DATASET RECORDS
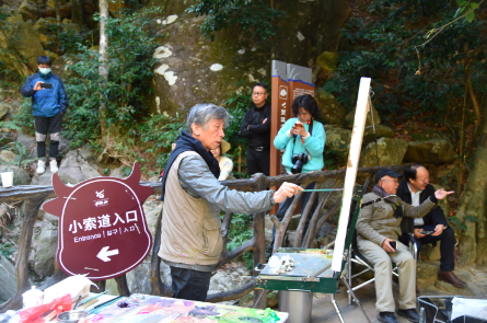 在石牛山景區(qū),范迪安手持畫筆,一筆一筆將岱仙瀑布的美景繪至畫布上,取石牛山、瀑布水,把對(duì)油畫本體語(yǔ)言的研究與寫意的方法有機(jī)結(jié)合起來(lái),在畫布上,他從調(diào)配色彩到構(gòu)圖造型,自在如行云流水,落落大方,繪制出一幅令人連連稱絕的岱仙瀑布圖。
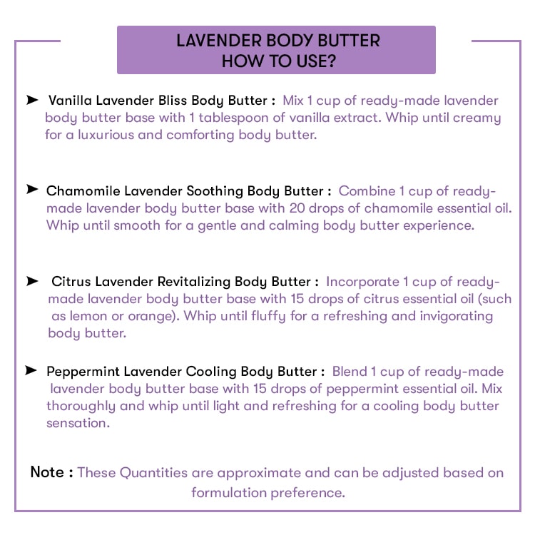 Rich emollient properties of pure lavender cleansing body butter makes it easy to blend with lotions, creams, and other skincare products like face creams, scrubs, and sunscreen lotions.
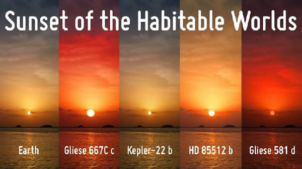 地球与目前发现的数个可能存在宇宙生命的行星上看日出的景象对比
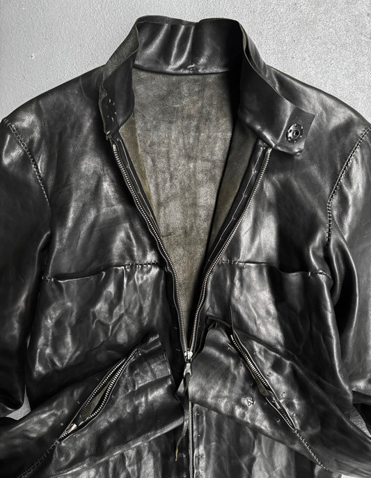 Maison Martin Margiela AW00 Black Cowhide Leather 5-zip Rider Jacket
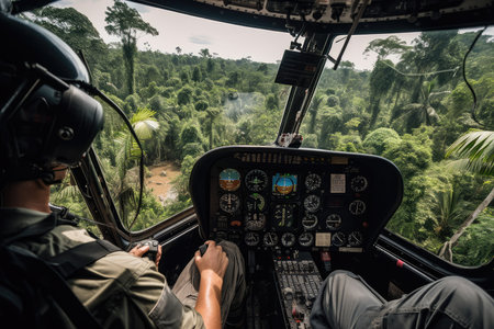 close-up of helicopter cockpit, with pilot at the controls and jungle visible beyond, created with generative ai
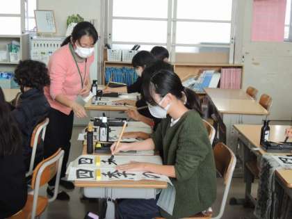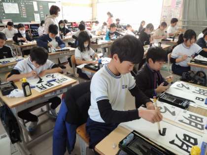 1月の書き初め大会に向けて、練習がスタートしています。昨日から、書写ボランティアの先生がおみえになって、丁寧に指導してくださっています。
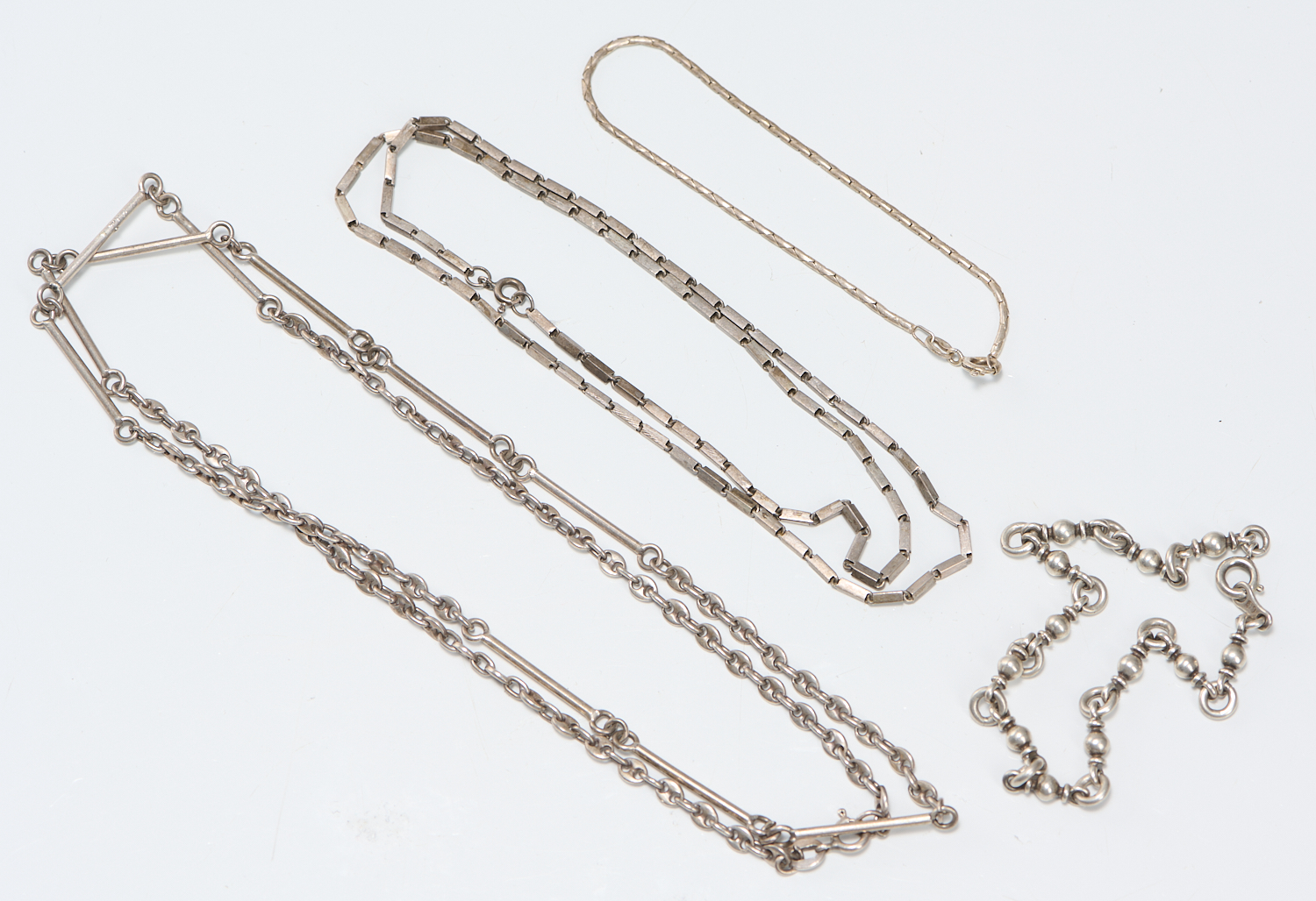 TWO FANCY LINK CHAINS AND TWO BRACELETS IN STERLING SILVER, LENGTHS 720MM, 510MM, 190MM AND 180MM
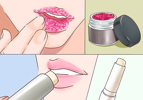 Exfoliate and moisturize your lips before applying color. Whether you want to apply a lipstick, stain, or gloss, the color won't look right if your lips are dry and flaky. Use a lip scrub to gently remove dead skin from your lips, and apply a moisturizing lip balm before your lip color so it looks smooth and flawless. You can purchase a lip scrub or mix up your own with household ingredients. Combine 1/2 teaspoon (2.5 ml) of olive oil with 1 teaspoon (4 g) of sugar, and rub it over your lips to exfoliate. Wipe it away with a damp washcloth. It's particularly important to scrub and moisturize your lips before applying a matte lipstick. Matte lip colors are extremely drying, so they emphasize every crack and flake.
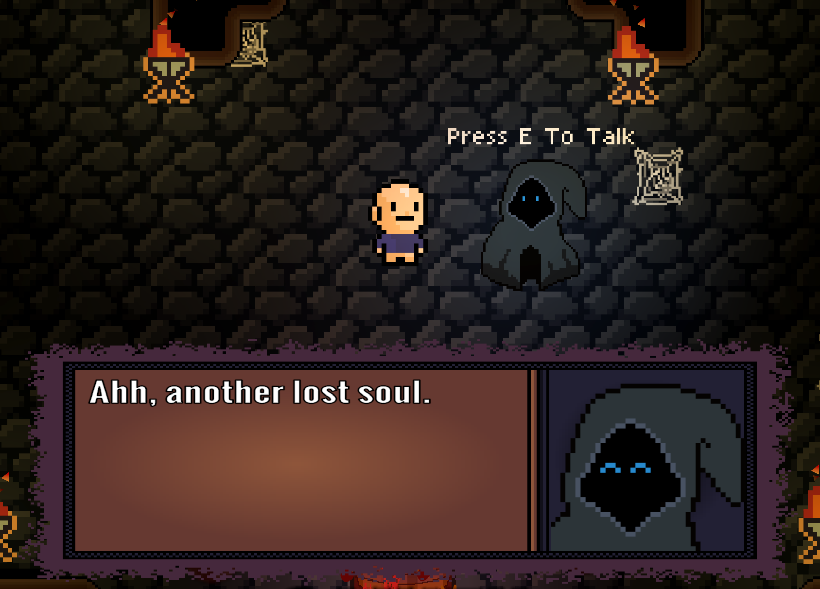 Hi Baldy welcome to Hell. Travel the different mazes and collect artifacts to escape. Be careful though there may be some creatures following you as you go. Can you and your bald head escape. Welcome to the haunt.
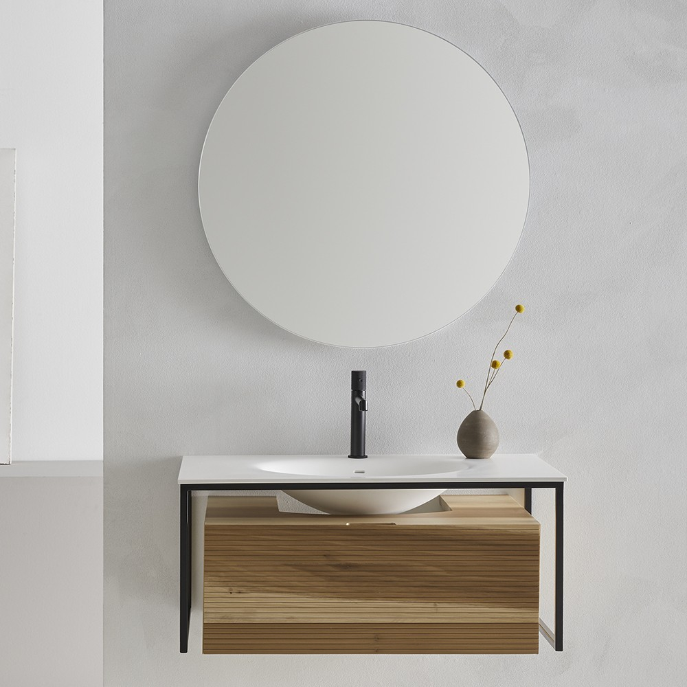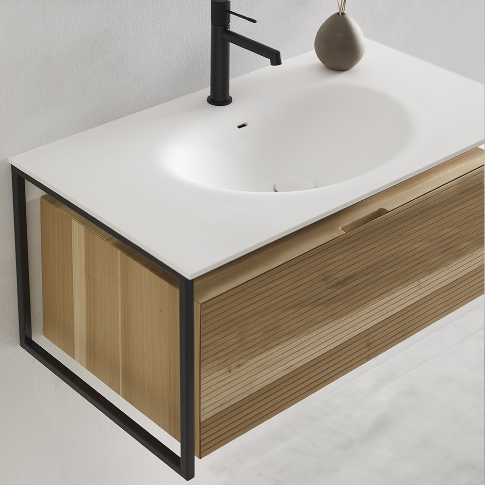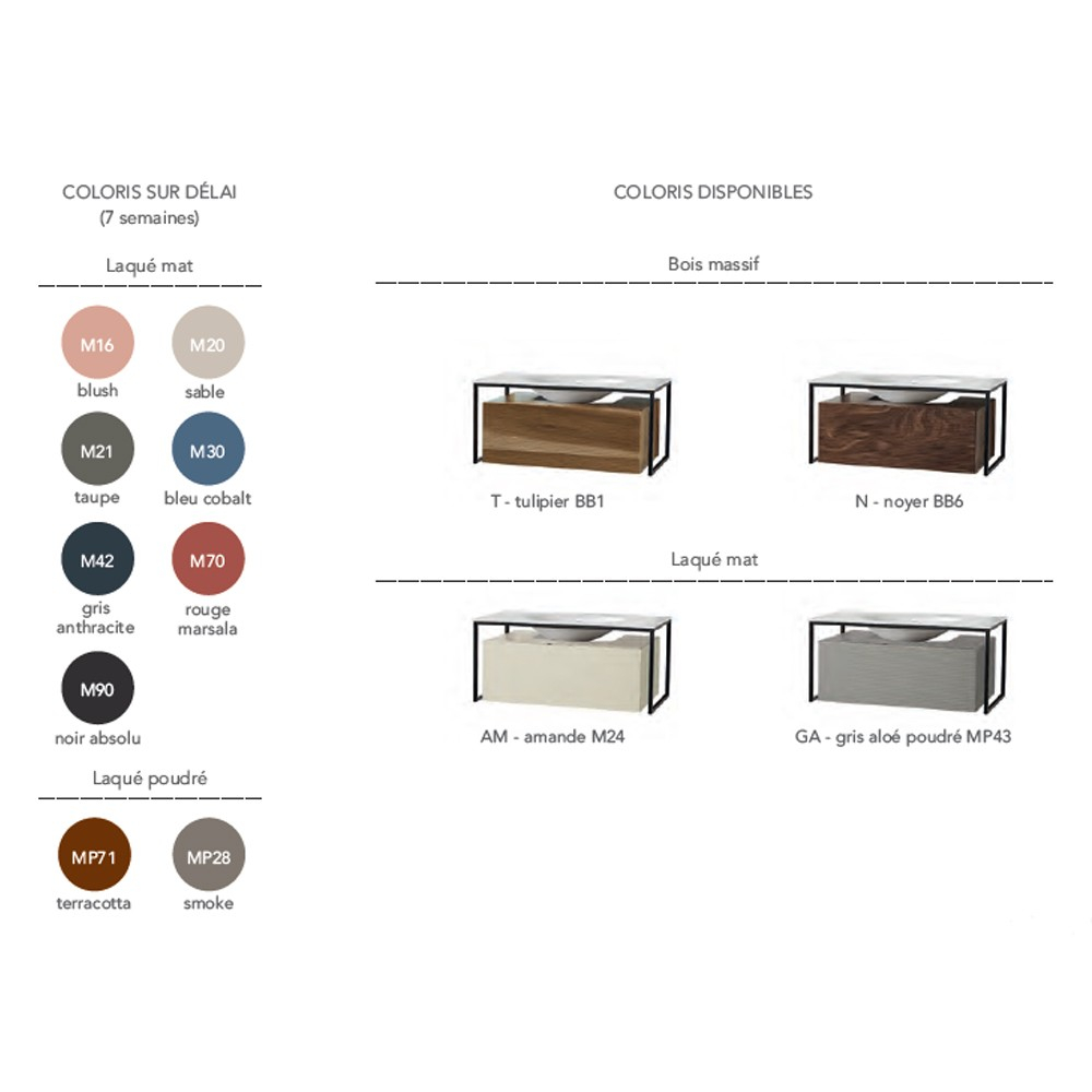 Ensemble meuble et vasque FARGO 80 cm. Un jeu de matières souligné par une structure en métal laqué noir. Chaque détail est soigné, plan vasque en Solid surface affleurant le meuble, façade cannelée dotée d'une prise de main discrète, choix de finition unique. En bois massif aux reflets dorés pour le tulipier, tons chocolats pour le noyer ou en version laquée dans les coloris tendances 2022, amande ou gris aloé poudré. Meuble sous vasque 1 tiroir L800 mm avec plan vasque centré ou L1300 mm avec simple vasque décentrée à gauche Un tiroir coulissant métallique GRASS avec fermeture progressive SOFT CLOSE Ouverture totale Façade cannelée, joues lisses Structure en métal laqué noir Finition laquée : - corps et joues en MFC (panneaux de bois aggloméré et mélaminé) - ép. 16 mm - façades en MDF (panneaux de fibres à densité moyenne) certifiés PEFC - ép. 16 mm - finition extérieure laqué mat amande ou gris aloé poudré Finition en bois massif : - corps et façade tulipier massif - ép. 21 mm - corps et façade noyer massif - ép. 21 mm Livré sans vidage Plan vasque Plan vasque FARGO en Solid-surface L800 - L1300 mm Colonne Colonne réversible L400 x 400 mm 1 porte - 1 étagère Finition laquée : corps et joues en MFC - ép. 16 mm / façade en MDF - ép. 16 mm Finition bois massif : corps et façade enchêne ép. 21 mm ou noyer ép. 21 mm
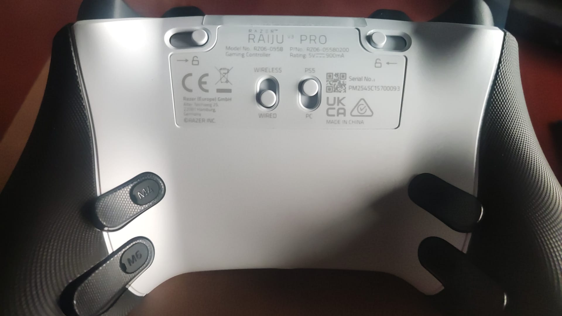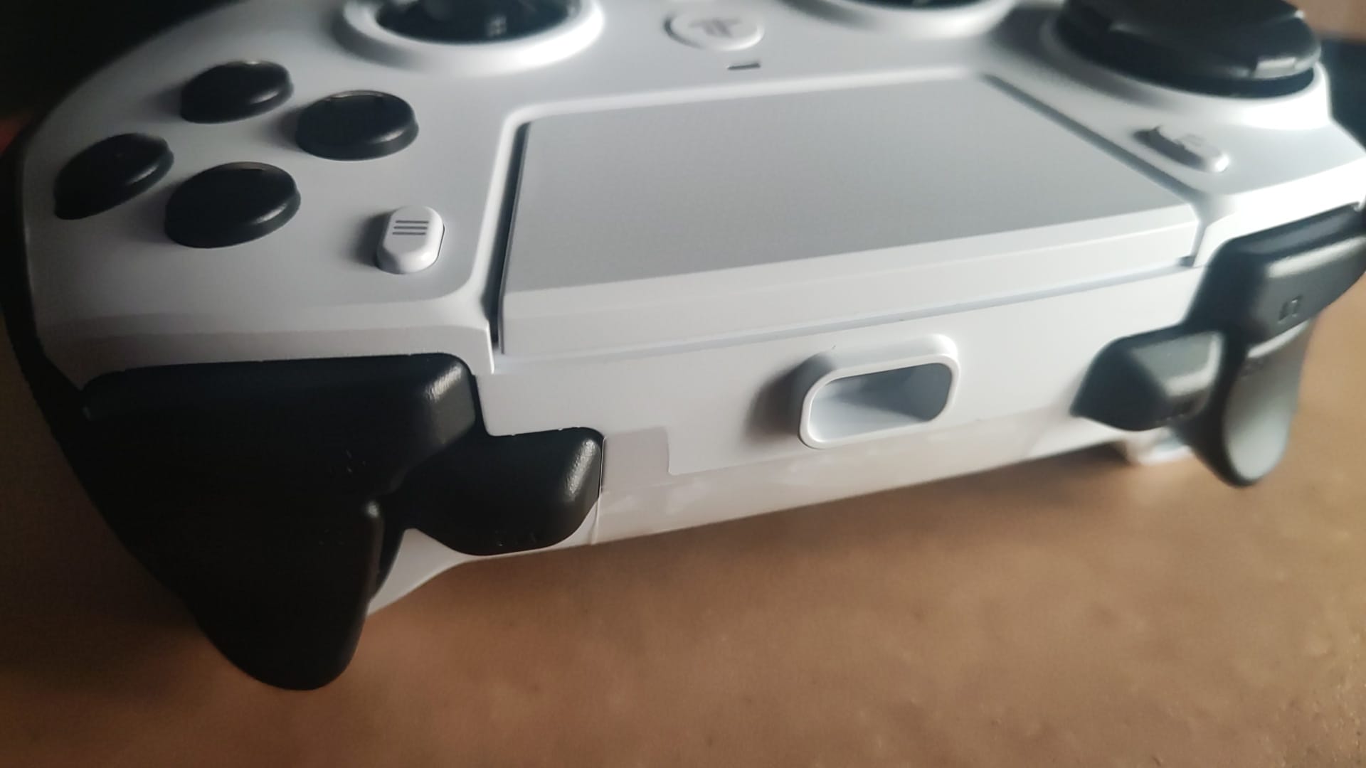 La parte inferior del mando es donde se concentran muchas de sus funciones avanzadas. A ambos lados, junto a los gatillos, encontramos dos interruptores que permiten bloquear el recorrido de L2 y R2, transformándolos en botones de pulsación rápida digital. Es un sistema pensado claramente para juegos competitivos, donde cada milisegundo cuenta, y que resulta especialmente útil en shooters.

WORK REQUIRED
Would you copy all of the data exactly? Keep the pictures out of it.

COMPLETED EXERCISE
 在石牛山景區(qū),范迪安手持畫筆,一筆一筆將岱仙瀑布的美景繪至畫布上,取石牛山、瀑布水,把對(duì)油畫本體語(yǔ)言的研究與寫意的方法有機(jī)結(jié)合起來(lái),在畫布上,他從調(diào)配色彩到構(gòu)圖造型,自在如行云流水,落落大方,繪制出一幅令人連連稱絕的岱仙瀑布圖。
 Rich emollient properties of pure lavender cleansing body butter makes it easy to blend with lotions, creams, and other skincare products like face creams, scrubs, and sunscreen lotions.
 地球与目前发现的数个可能存在宇宙生命的行星上看日出的景象对比
 Maison Martin Margiela AW00 Black Cowhide Leather 5-zip Rider Jacket
 close-up of helicopter cockpit, with pilot at the controls and jungle visible beyond, created with generative ai
 1月の書き初め大会に向けて、練習がスタートしています。昨日から、書写ボランティアの先生がおみえになって、丁寧に指導してくださっています。
 TWO FANCY LINK CHAINS AND TWO BRACELETS IN STERLING SILVER, LENGTHS 720MM, 510MM, 190MM AND 180MM
 Exfoliate and moisturize your lips before applying color. Whether you want to apply a lipstick, stain, or gloss, the color won't look right if your lips are dry and flaky. Use a lip scrub to gently remove dead skin from your lips, and apply a moisturizing lip balm before your lip color so it looks smooth and flawless. You can purchase a lip scrub or mix up your own with household ingredients. Combine 1/2 teaspoon (2.5 ml) of olive oil with 1 teaspoon (4 g) of sugar, and rub it over your lips to exfoliate. Wipe it away with a damp washcloth. It's particularly important to scrub and moisturize your lips before applying a matte lipstick. Matte lip colors are extremely drying, so they emphasize every crack and flake.
 Hi Baldy welcome to Hell. Travel the different mazes and collect artifacts to escape. Be careful though there may be some creatures following you as you go. Can you and your bald head escape. Welcome to the haunt.
 Ensemble meuble et vasque FARGO 80 cm. Un jeu de matières souligné par une structure en métal laqué noir. Chaque détail est soigné, plan vasque en Solid surface affleurant le meuble, façade cannelée dotée d'une prise de main discrète, choix de finition unique. En bois massif aux reflets dorés pour le tulipier, tons chocolats pour le noyer ou en version laquée dans les coloris tendances 2022, amande ou gris aloé poudré. Meuble sous vasque 1 tiroir L800 mm avec plan vasque centré ou L1300 mm avec simple vasque décentrée à gauche Un tiroir coulissant métallique GRASS avec fermeture progressive SOFT CLOSE Ouverture totale Façade cannelée, joues lisses Structure en métal laqué noir Finition laquée : - corps et joues en MFC (panneaux de bois aggloméré et mélaminé) - ép. 16 mm - façades en MDF (panneaux de fibres à densité moyenne) certifiés PEFC - ép. 16 mm - finition extérieure laqué mat amande ou gris aloé poudré Finition en bois massif : - corps et façade tulipier massif - ép. 21 mm - corps et façade noyer massif - ép. 21 mm Livré sans vidage Plan vasque Plan vasque FARGO en Solid-surface L800 - L1300 mm Colonne Colonne réversible L400 x 400 mm 1 porte - 1 étagère Finition laquée : corps et joues en MFC - ép. 16 mm / façade en MDF - ép. 16 mm Finition bois massif : corps et façade enchêne ép. 21 mm ou noyer ép. 21 mm
 La parte inferior del mando es donde se concentran muchas de sus funciones avanzadas. A ambos lados, junto a los gatillos, encontramos dos interruptores que permiten bloquear el recorrido de L2 y R2, transformándolos en botones de pulsación rápida digital. Es un sistema pensado claramente para juegos competitivos, donde cada milisegundo cuenta, y que resulta especialmente útil en shooters.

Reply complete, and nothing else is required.